[Data extracted from a collection]
==================================================

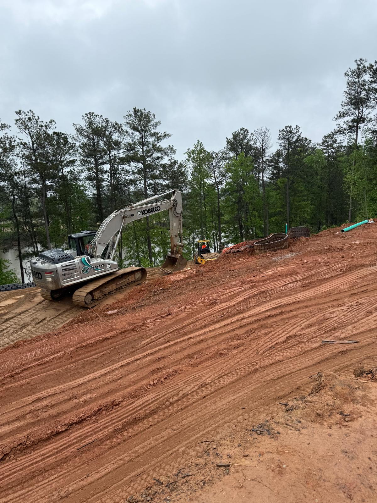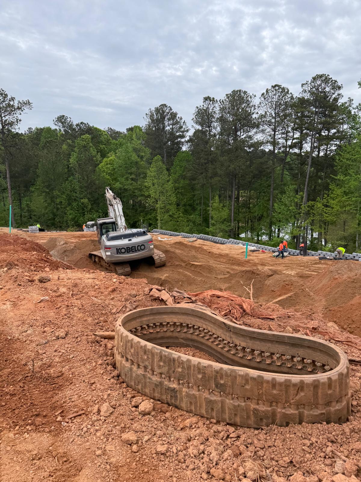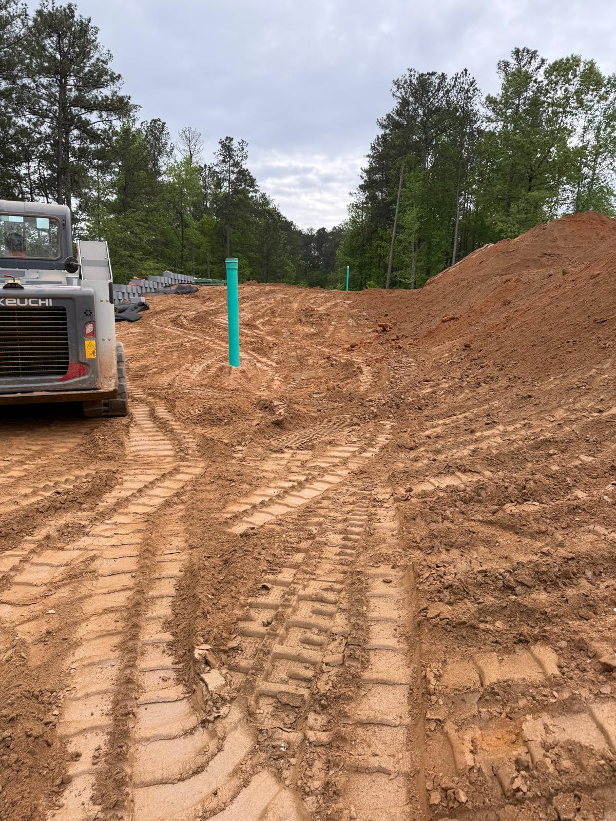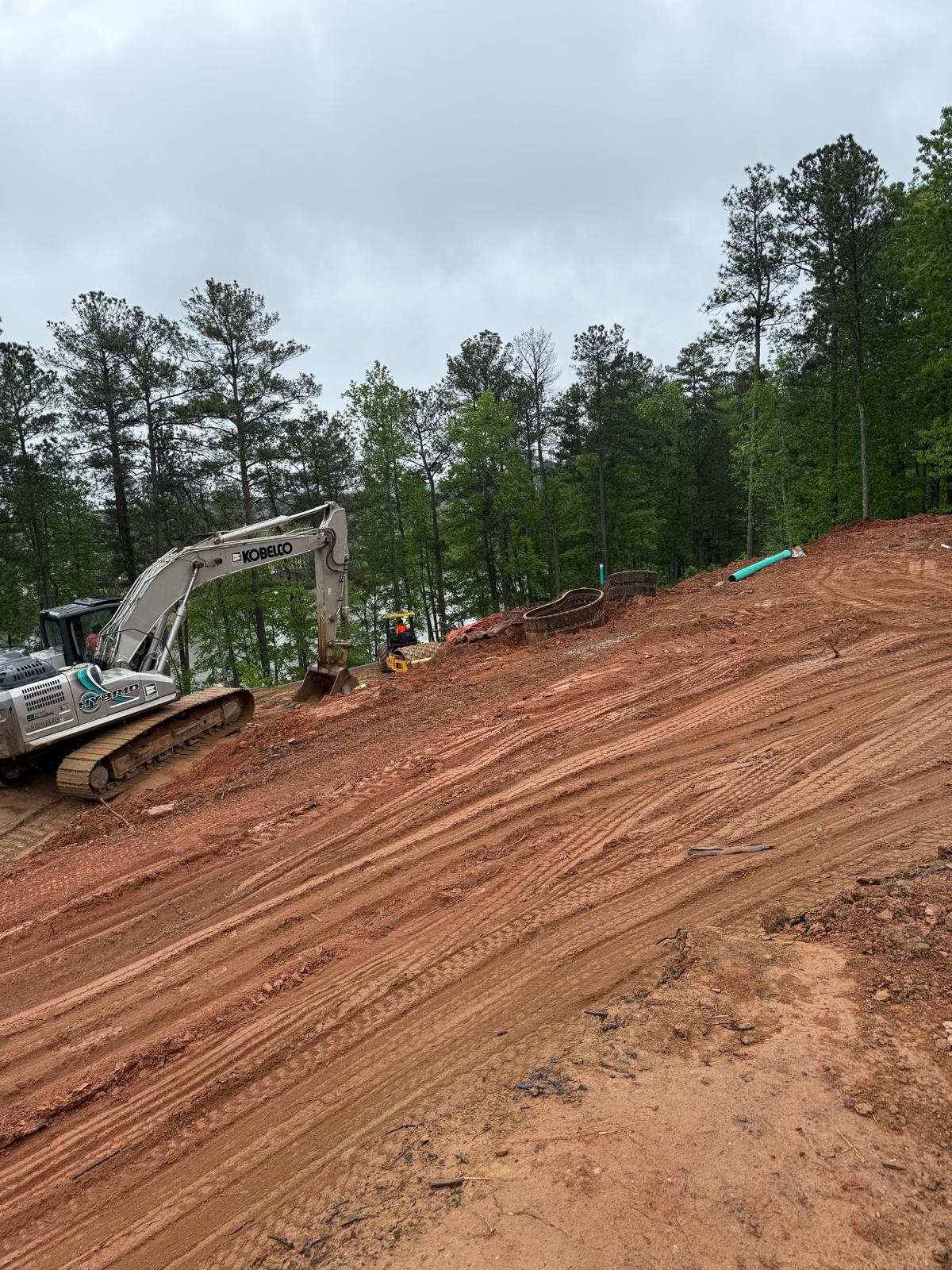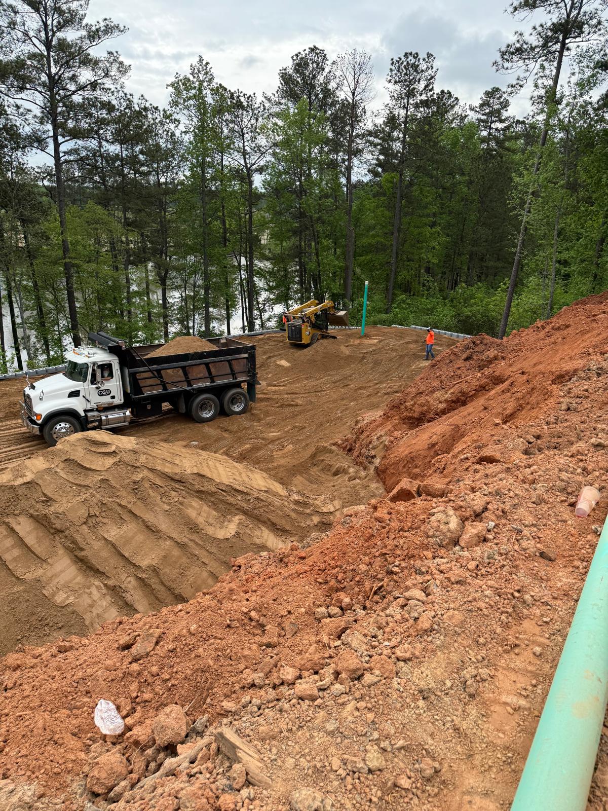 Focusing on backfilling and compaction operations behind the newly installing retaining wall sections along Lots #224–#229. Following the drainage installation, the next layer of backfill was placed over the previously installed geogrid reinforcement sheet, in preparation for subsequent compaction. Excavation and placement of fill material was conducted using a Kobelco 310LC excavator and transported on site with a CAT 750 dump truck. Subsequent to placement, two Takeuchi TL12R2 Bobcats were used to distribute the fill uniformly along Lots #224–#229. Once the fill was evenly spread, compaction was carried out using a Bomag BW211 sheep foot compactor in combination with a Bomag RR-106 roller. A new type of soil material was borrowed today, and a sample of this material was dropped by the ASEC laboratory for a Moisture-Density relationship (proctor).
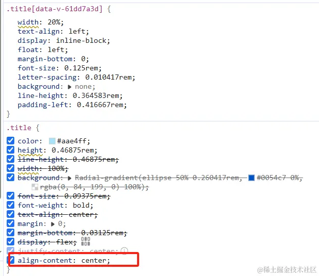 在审查元素时发现,自己写的title样式,全局还有相同的类名,而这里面有个align-content属性
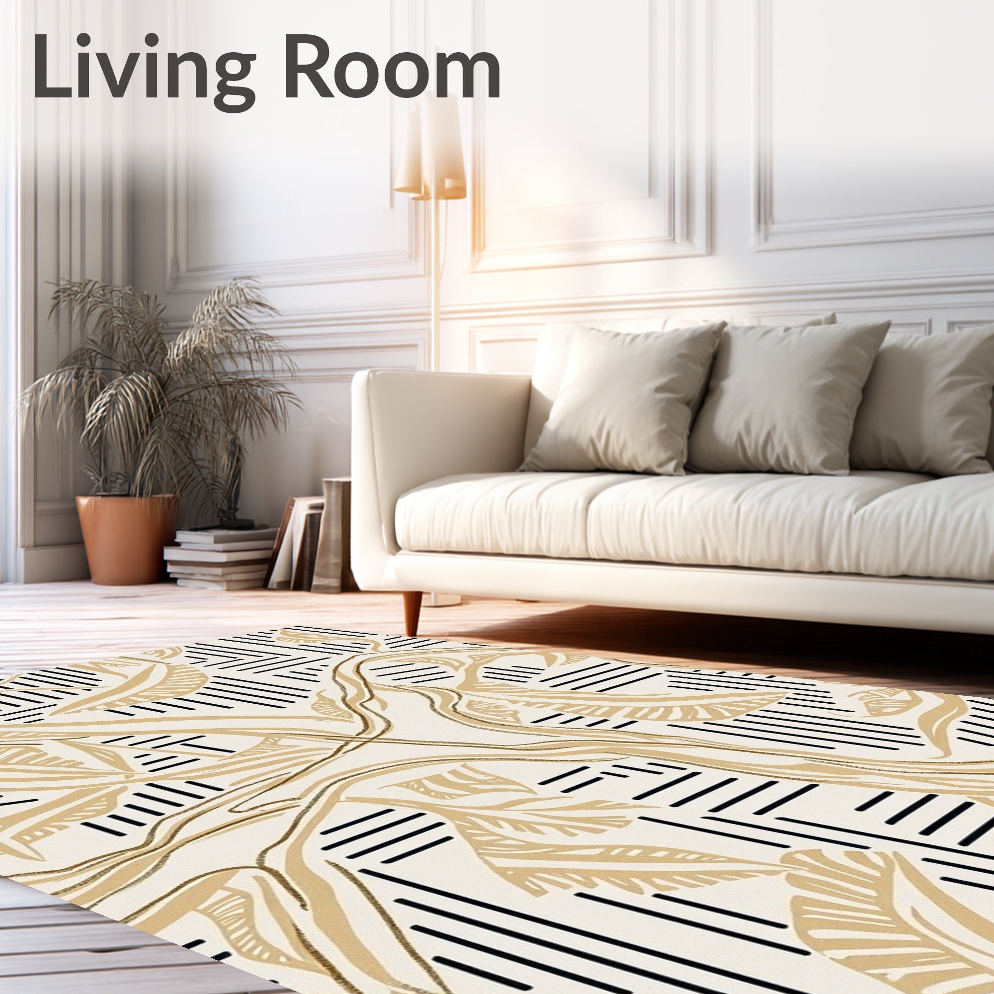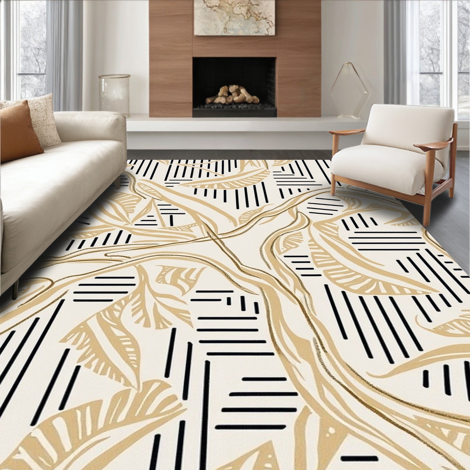 Flatwoven High Traffic Area Rug, Abstract Angular Network with Black Stripes and Leaf Shapes, Non Slip, Stain Resistant, Washable Area Rugs for Living Room, Bedroom (Beige) Overview:
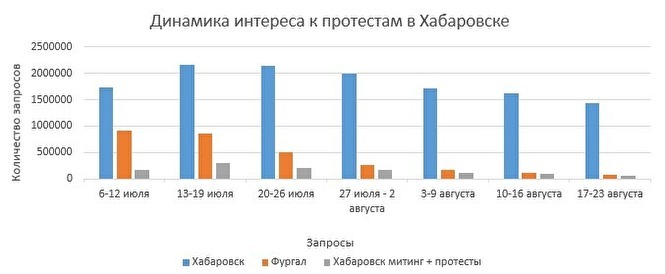 Активнее всего пользователи интересовались митингами и протестами в Хабаровске с 13 по 19 июля, спустя неделю после ареста Фургала. Тогда в городе прошли самые массовые акции и шествия, численность которых протестующие оценивали до 100 тыс. человек. Суммарно информацию по запросам «Хабаровск митинг» и «Хабаровск протесты» искали 298 тыс. раз. После этого показатель еженедельно снижался: на следующей неделе темой интересовались 213 тыс. раз, еще через неделю пользователи сделали 173 тыс. запросов. На прошлой неделе, с 17 по 23 августа, эти запросы отправили 53,9 тыс. раз.
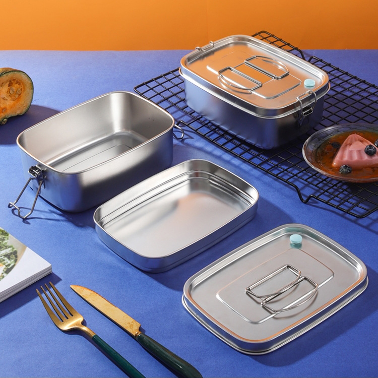 304方形饭盒大容量单层便当盒带卡扣户外饭盒野餐盒带盖学生餐盒
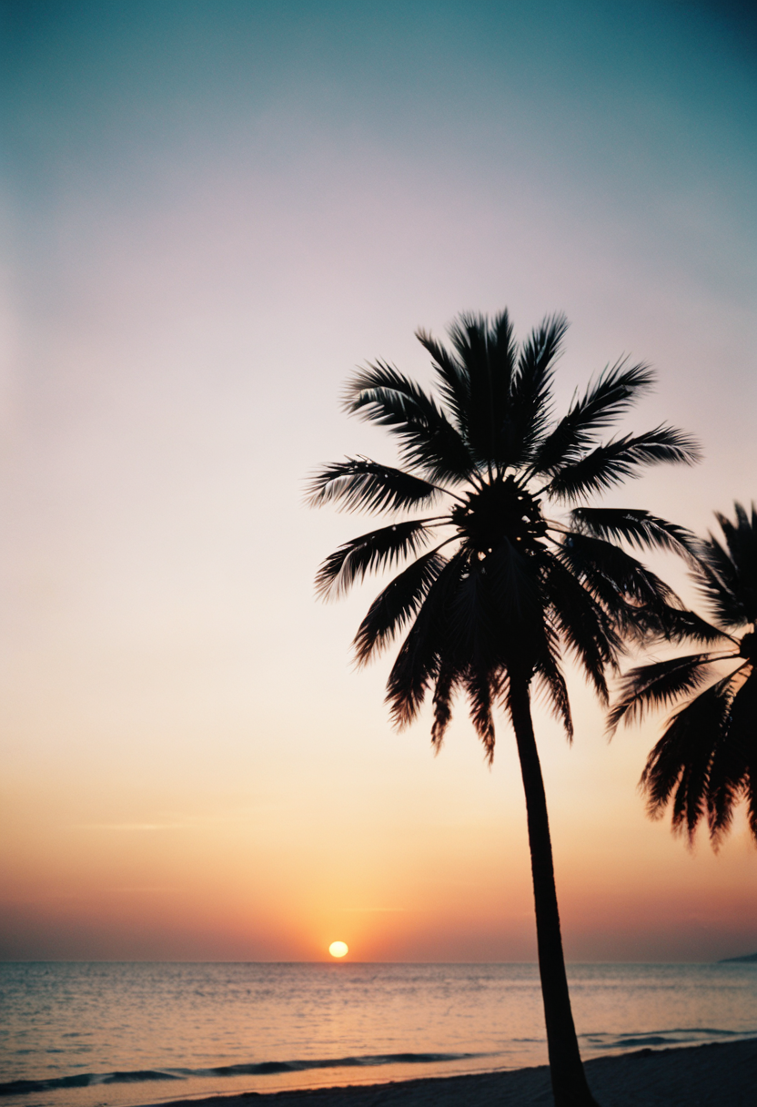 야자수 해변에 기대어 석양을 바라보며 저물어가는 순간, 시간은 멈춘 듯합니다. 바닷물이 발에 닿으며 시원함을 전하고, 석양의 노을은 하늘을 황금빛으로 물들어 갑니다. 이 순간, 모든 걱정과 스트레스는 사라지고 평온함이 내 마음을 감쌉니다. 이 자연의 아름다움 앞에서 작은 내 존재는 감사함으로 가득 찹니다.
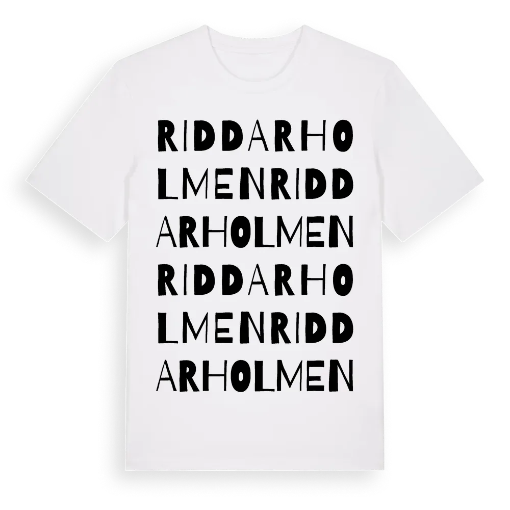 En ordlek byggd på Riddarholmens namn. Subtilt och klurig – ett motiv som bara de som verkligen känner platsen fullt ut förstår. Premium bomull, unisex – från Riddarholmen i Stockholms län.
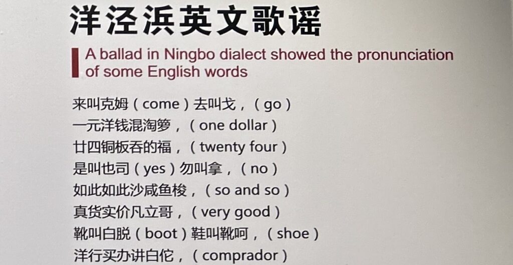 Moreover, many Ningbo merchants had already gone to Shanghai to seek new opportunities such as acting as compradores or linguists before Shanghai was officially opened as a treaty port. 穆炳元 (Mu Bingyuan) of Dinghai, Zhaoshan city was the first compradore in Shanghai and allegedly the author of the Pidgin English ballad above. 王槐山 (Wang Huaishan) of Yuyao was the first compradore of Hongkong and Shanghai Banking Corperation in Shanghai. So, while Shanghai was thriving and became the “Paris of the Orient”, Ningbo in 1854 was ‘the quietest place under the sun. A handful of merchants lived there, buried without the trouble of dying; one or two consulates had been built, but roads were non-existent, and the few houses were separated from one another by a network of paddy (rice) fields.” (Bredon 1909).2 So, “go Ningpo more far” was an evasive way to indicate that someone disappeared in some faraway places and was unlikely to return.
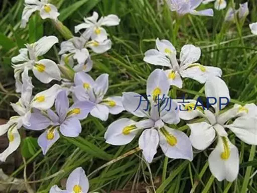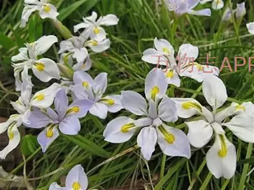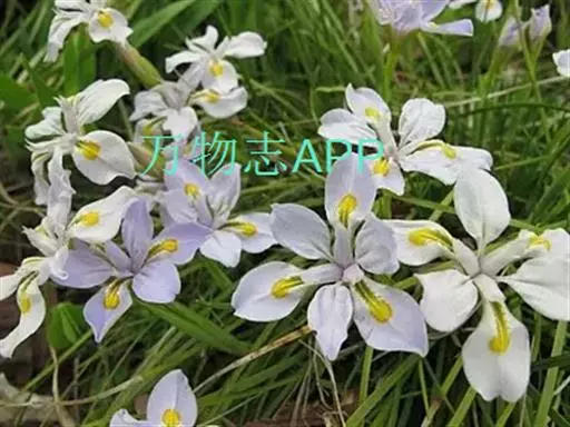 双色野鸢尾为多年生草本植物,叶子呈剑状淡绿色。…

==================================================

| EXERCISE PROMPT |
All pictures are to be skipped; the lines from the first line of the records through the line containing "Flatwoven High Traffic" are to be repeated exactly, both ends included.

| RESULT |
 Focusing on backfilling and compaction operations behind the newly installing retaining wall sections along Lots #224–#229. Following the drainage installation, the next layer of backfill was placed over the previously installed geogrid reinforcement sheet, in preparation for subsequent compaction. Excavation and placement of fill material was conducted using a Kobelco 310LC excavator and transported on site with a CAT 750 dump truck. Subsequent to placement, two Takeuchi TL12R2 Bobcats were used to distribute the fill uniformly along Lots #224–#229. Once the fill was evenly spread, compaction was carried out using a Bomag BW211 sheep foot compactor in combination with a Bomag RR-106 roller. A new type of soil material was borrowed today, and a sample of this material was dropped by the ASEC laboratory for a Moisture-Density relationship (proctor).
 在审查元素时发现,自己写的title样式,全局还有相同的类名,而这里面有个align-content属性
 Flatwoven High Traffic Area Rug, Abstract Angular Network with Black Stripes and Leaf Shapes, Non Slip, Stain Resistant, Washable Area Rugs for Living Room, Bedroom (Beige) Overview:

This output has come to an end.